# Headsail choice for regatta



## sailor25b (Jun 2, 2006)

I have a regatta tomorrow, and I'm going to be short-handed on my 35-ft racer-cruiser with only one crewmate to help. We will be in the Jib&Main division. Wind forecast calls for 15-20 kts, with gusts to 25.

I'm thinking I might not use my usual mylar racing genoa, and use my brand-new Norlam furling genny instead. The mylar racing jib is in great shape, too, but I wonder what I would lose with the smaller, more adjustable sail. In such winds, what is the trade-off? With no crew to help, once it's up, that's it. 

Any thoughts?


----------



## Faster (Sep 13, 2005)

If you truly expect 15+knots of wind, I'd set up with your jib (what boat is it?) You'll be able to possibly delay the reef in the main with the smaller headsail, and I daresay you'll have an easier time shorthanded reefing than changing headsails.

If it's a multi-race event and the weather doesn't turn out as forecast, you can use the time between races to change sails if you need to.


----------



## mikehoyt (Nov 27, 2000)

If it is truly blowing 15 knots you will probably be better with a #3 in any event than with a lager sail. Go with the small jib and you will probably go faster and be in better control.

We had same choice Wednesday. Forecast was for wind but was only 13 knots at start. rather than #2 we went right to #3 and when the wind did come up we were far better off. Deciding to change from a #1 to a #3 shorthanded in 25+ knots is not an easy task. Should you find yourself inthat situation you will likely drop out of the race as a shorthanded headsail change in 25 - 30 knots is not so simple.

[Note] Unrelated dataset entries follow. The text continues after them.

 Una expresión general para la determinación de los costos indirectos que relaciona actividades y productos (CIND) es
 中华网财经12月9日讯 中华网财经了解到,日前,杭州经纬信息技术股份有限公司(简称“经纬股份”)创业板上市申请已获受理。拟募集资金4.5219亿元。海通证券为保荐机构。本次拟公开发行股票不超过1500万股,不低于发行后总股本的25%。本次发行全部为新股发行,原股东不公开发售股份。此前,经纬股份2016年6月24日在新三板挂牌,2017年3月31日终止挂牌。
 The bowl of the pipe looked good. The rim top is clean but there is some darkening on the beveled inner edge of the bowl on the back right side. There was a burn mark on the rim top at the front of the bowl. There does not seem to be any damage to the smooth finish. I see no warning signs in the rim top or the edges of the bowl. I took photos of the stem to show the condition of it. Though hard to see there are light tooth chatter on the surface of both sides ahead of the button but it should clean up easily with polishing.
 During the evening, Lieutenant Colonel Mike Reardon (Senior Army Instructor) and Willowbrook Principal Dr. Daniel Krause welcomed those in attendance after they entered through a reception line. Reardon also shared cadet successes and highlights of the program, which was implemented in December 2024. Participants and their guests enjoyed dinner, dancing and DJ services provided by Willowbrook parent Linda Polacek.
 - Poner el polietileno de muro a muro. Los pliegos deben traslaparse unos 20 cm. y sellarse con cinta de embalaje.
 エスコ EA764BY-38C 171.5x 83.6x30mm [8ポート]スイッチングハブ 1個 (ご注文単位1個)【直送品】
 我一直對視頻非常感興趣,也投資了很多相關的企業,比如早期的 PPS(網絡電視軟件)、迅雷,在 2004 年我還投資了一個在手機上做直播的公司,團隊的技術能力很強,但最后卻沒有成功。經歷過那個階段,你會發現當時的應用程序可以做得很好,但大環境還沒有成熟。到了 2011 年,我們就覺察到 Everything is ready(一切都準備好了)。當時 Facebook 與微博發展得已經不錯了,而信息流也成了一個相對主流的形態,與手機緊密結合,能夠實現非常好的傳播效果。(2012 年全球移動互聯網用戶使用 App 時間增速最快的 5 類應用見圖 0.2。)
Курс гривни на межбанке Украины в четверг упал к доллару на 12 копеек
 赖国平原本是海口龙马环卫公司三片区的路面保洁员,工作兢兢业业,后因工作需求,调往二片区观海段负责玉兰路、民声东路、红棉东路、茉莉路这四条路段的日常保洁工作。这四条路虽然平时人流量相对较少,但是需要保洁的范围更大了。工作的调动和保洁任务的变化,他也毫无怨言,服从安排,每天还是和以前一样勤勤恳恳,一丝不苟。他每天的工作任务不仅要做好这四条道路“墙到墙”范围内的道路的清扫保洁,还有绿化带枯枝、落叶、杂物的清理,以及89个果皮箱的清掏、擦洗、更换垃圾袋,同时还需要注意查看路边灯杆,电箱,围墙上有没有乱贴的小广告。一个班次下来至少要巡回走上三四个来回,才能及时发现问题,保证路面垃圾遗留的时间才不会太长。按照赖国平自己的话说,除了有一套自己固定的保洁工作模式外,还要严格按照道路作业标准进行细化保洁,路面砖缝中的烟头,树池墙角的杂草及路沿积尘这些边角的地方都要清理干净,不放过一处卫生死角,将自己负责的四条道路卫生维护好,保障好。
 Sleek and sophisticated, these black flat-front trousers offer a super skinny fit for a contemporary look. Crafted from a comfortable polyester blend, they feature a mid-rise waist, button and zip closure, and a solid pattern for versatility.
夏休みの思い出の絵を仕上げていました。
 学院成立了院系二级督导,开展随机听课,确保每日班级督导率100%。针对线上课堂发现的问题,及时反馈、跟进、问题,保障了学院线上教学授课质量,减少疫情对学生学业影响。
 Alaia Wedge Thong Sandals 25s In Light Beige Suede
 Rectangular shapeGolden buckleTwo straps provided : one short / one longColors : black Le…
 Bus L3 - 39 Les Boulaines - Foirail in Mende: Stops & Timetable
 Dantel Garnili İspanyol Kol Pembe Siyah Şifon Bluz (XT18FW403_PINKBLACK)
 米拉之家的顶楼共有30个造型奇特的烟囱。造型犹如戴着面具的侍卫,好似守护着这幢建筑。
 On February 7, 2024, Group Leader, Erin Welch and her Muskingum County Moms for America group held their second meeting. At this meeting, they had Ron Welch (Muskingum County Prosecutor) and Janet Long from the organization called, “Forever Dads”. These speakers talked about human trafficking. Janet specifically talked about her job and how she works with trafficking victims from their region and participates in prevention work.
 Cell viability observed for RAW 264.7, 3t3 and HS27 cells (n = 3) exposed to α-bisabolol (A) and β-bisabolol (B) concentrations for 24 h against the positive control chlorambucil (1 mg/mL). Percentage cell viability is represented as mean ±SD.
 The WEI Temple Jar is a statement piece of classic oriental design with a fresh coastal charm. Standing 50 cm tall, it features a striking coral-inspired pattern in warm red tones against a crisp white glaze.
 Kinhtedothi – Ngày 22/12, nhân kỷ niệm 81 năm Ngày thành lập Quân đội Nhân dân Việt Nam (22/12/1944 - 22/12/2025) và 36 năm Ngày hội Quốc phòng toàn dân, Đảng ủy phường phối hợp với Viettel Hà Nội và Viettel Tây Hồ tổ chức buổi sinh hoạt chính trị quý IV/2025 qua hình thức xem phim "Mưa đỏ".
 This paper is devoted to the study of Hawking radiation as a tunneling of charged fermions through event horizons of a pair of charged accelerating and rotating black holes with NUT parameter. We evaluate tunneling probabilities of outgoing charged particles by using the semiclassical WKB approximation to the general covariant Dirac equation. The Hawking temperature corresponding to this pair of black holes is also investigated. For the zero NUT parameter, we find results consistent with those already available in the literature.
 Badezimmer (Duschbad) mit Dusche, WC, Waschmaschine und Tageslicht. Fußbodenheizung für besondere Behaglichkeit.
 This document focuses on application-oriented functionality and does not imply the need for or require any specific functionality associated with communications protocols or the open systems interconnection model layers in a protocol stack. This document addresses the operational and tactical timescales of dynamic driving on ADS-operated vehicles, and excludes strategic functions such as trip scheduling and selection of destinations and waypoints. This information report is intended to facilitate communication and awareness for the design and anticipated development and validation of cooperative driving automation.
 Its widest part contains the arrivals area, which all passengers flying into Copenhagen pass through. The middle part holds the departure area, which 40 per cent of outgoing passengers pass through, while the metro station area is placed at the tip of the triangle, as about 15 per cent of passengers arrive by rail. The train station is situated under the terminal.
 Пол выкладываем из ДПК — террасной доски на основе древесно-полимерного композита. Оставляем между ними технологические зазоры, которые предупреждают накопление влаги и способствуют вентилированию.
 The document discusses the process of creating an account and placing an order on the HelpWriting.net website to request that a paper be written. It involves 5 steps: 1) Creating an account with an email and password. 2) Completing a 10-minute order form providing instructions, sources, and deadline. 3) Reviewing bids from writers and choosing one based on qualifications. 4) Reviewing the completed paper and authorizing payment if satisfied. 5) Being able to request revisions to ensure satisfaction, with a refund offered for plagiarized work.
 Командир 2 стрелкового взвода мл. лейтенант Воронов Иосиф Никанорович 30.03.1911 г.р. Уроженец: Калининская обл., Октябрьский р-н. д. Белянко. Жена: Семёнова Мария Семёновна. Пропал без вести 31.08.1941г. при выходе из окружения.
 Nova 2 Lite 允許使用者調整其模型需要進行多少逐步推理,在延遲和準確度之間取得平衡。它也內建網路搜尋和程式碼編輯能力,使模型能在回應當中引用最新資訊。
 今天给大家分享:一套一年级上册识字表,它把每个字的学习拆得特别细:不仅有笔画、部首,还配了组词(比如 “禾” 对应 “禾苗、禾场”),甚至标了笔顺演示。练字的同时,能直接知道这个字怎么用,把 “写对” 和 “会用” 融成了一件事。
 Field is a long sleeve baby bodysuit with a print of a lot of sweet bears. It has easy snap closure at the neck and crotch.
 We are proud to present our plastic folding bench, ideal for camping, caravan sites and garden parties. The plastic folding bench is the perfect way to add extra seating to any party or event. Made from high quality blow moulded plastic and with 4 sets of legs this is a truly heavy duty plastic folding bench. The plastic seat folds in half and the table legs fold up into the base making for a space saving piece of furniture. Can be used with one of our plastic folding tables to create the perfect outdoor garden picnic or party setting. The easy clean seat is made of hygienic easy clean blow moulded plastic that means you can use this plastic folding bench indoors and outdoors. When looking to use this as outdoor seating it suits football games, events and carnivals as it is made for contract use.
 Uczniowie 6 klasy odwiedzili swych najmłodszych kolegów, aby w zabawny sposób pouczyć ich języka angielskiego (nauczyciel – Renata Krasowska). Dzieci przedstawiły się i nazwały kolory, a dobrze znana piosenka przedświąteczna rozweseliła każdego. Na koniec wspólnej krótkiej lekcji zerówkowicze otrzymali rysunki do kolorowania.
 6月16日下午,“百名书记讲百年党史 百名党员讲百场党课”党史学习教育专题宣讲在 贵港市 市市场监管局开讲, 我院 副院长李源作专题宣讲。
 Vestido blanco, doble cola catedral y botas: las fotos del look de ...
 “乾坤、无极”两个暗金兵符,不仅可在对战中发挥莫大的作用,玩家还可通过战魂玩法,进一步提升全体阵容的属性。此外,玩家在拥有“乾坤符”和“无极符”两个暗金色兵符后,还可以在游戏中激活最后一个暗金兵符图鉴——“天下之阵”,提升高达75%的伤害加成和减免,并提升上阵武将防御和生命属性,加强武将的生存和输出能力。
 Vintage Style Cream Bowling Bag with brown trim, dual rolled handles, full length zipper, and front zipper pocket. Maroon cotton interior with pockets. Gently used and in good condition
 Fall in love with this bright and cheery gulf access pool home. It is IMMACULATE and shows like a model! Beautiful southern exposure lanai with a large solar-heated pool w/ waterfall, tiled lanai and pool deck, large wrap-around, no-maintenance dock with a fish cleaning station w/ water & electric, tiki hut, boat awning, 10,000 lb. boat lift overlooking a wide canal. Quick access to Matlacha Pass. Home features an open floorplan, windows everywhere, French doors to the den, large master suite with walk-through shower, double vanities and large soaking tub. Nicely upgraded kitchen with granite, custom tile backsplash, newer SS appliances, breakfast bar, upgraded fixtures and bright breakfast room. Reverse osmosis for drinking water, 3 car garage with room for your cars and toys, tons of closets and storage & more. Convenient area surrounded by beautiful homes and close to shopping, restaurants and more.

Go with the #3. If you are a bit underpowered at least you have an excuse.

Mike


----------



## sailor25b (Jun 2, 2006)

Just as a follow-up, I did use the racing mylar. I was persuaded by my crew to fly the bigger sail. At first, the winds weren't as strong as forecast - at least at first. Steady 15-18 kts became steady 23-25 kts, with gusts to 30. We were overpowered with the genoa, and I regretted not using the smaller jib. Too late to do anything about it, we had a great start, but I had a hard time holding the lead, especially after a few ragged tacks. After rounding the windward mark in second place, we realized that we had ripped the mylar - a clean tear right about where the top spreader is. We quickly withdrew from the race, and got to work pulling the genny down and setting our furling jib for the second race. We were all set for the second race when the race committee decided that was enough for the day. No more races. All I have ot show for it is a 2-ft tear in my genny. But no one got hurt, and it was all fun. Still, I shoulda listened to you guys!


----------



## CBinRI (May 17, 2004)

sailor25b said:


> Just as a follow-up, I did use the racing mylar. I was persuaded by my crew to fly the bigger sail. At first, the winds weren't as strong as forecast - at least at first. Steady 15-18 kts became steady 23-25 kts, with gusts to 30. We were overpowered with the genoa, and I regretted not using the smaller jib. Too late to do anything about it, we had a great start, but I had a hard time holding the lead, especially after a few ragged tacks. After rounding the windward mark in second place, we realized that we had ripped the mylar - a clean tear right about where the top spreader is. We quickly withdrew from the race, and got to work pulling the genny down and setting our furling jib for the second race. We were all set for the second race when the race committee decided that was enough for the day. No more races. All I have ot show for it is a 2-ft tear in my genny. But no one got hurt, and it was all fun. Still, I shoulda listened to you guys!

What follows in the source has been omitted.